Palavras-chave: Educação Estatística, Teoria Histórico-Cultural, Medidas de Tendência Central.

Abstract: This article aims to investigate how Vygotsky's Historical-Cultural Theory can contribute to the critical reflection of teaching practices of measures of central tendency in the Statistics class. For this, a bibliographic review. Afterwards, some approaches considered frequent in the process of teaching-learning-evaluation of the concepts of Mean, Mode and Median in the light of concepts worked by Vygotsky, aiming to understand how their theory can offer a solid base of knowledge that assist teachers in formulating their own approaches to these contents. Finally, this bibliographic survey provided indications that teachers who teach concepts related to Statistics can actually use knowledge about Vygotsky's Historical-Cultural Theory in order to improve their teaching practices.
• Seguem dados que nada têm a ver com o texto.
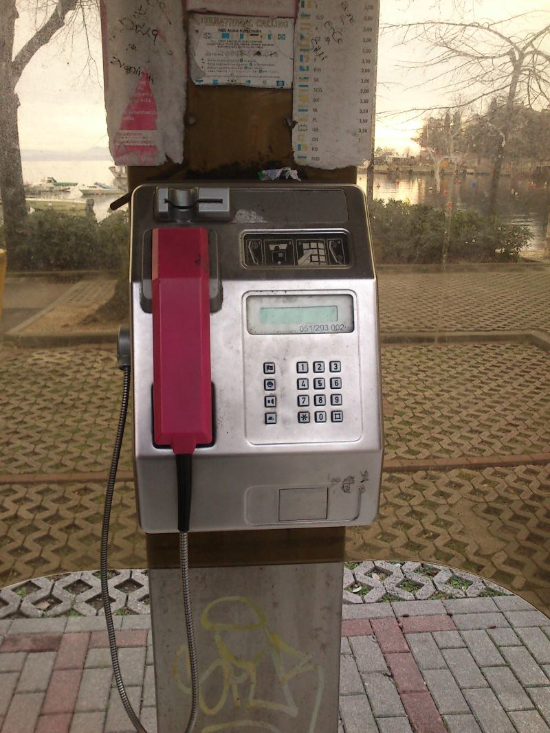 Modem phone booth from 2001.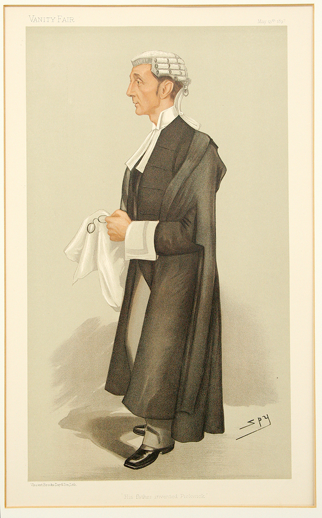 Caricature of Henry Fielding Dickens. Caption read "His father invented Pickwick".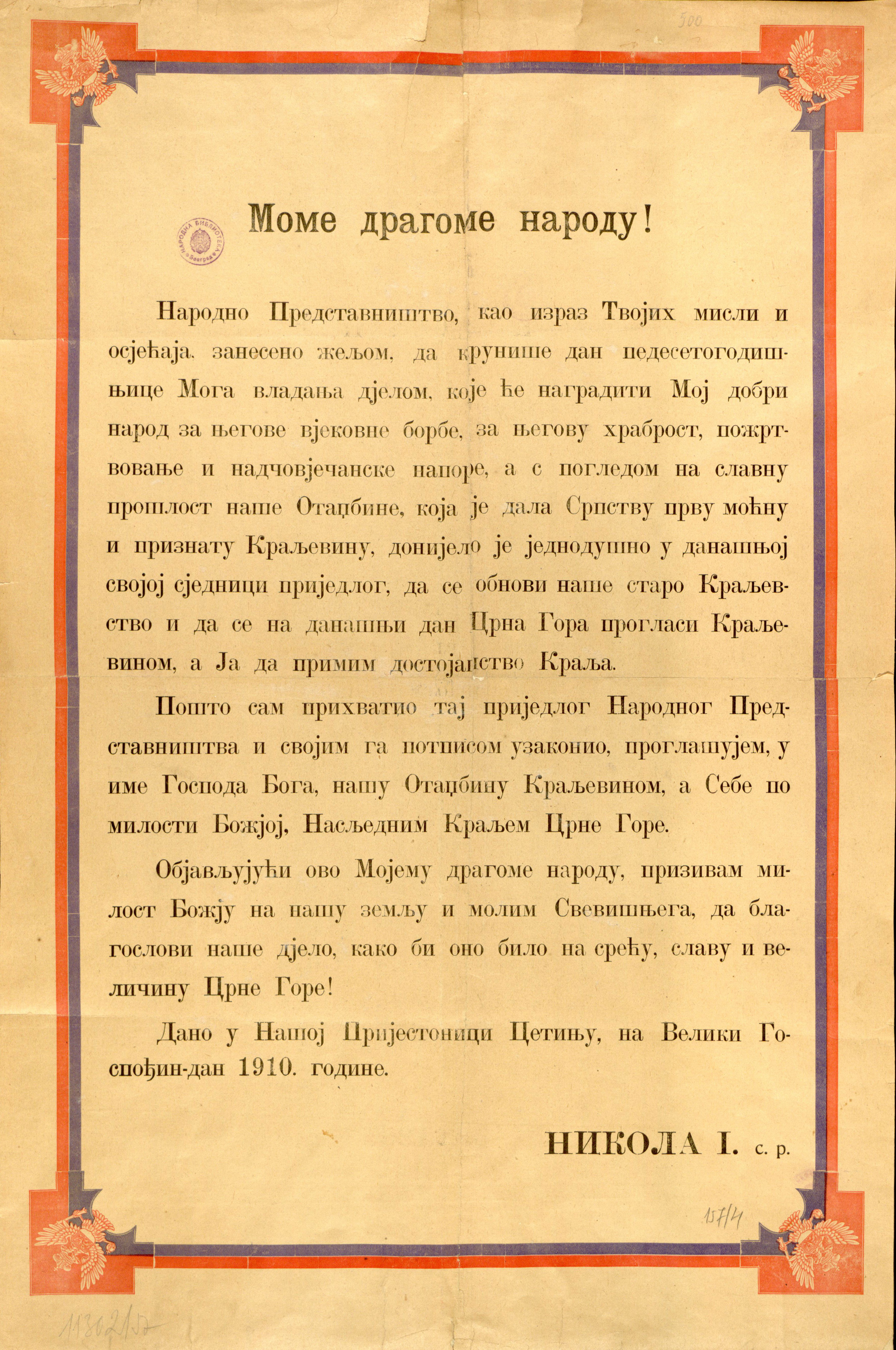 Text of the Proclamation of the Kingdom of Montenegro

Keywords: Statistical Education, Historical-Cultural Theory, Measures of Central Tendency.

1 Introdução

Neste artigo discutimos algumas possíveis abordagens de ensino de medidas de tendência central tendo como base a teoria histórico-cultural de Vygotsky. A discussão destas abordagens nos dará contribuições para que o objetivo deste artigo seja alcançado, qual seja, investigar de que maneira a teoria histórico-cultural proposta por Vygotsky pode contribuir para a reflexão crítica de práticas de ensino das medidas de tendência central nas aulas de Estatística. A partir de leituras das obras de Vygotsky e pesquisadores que trabalham sobre sua perspectiva teórica, refletiremos sobre a maneira como os professores podem ser apropriar dos conhecimentos no âmbito dessa teoria e criar oportunidades para novas abordagens de conceitos estatísticos em sala de aula.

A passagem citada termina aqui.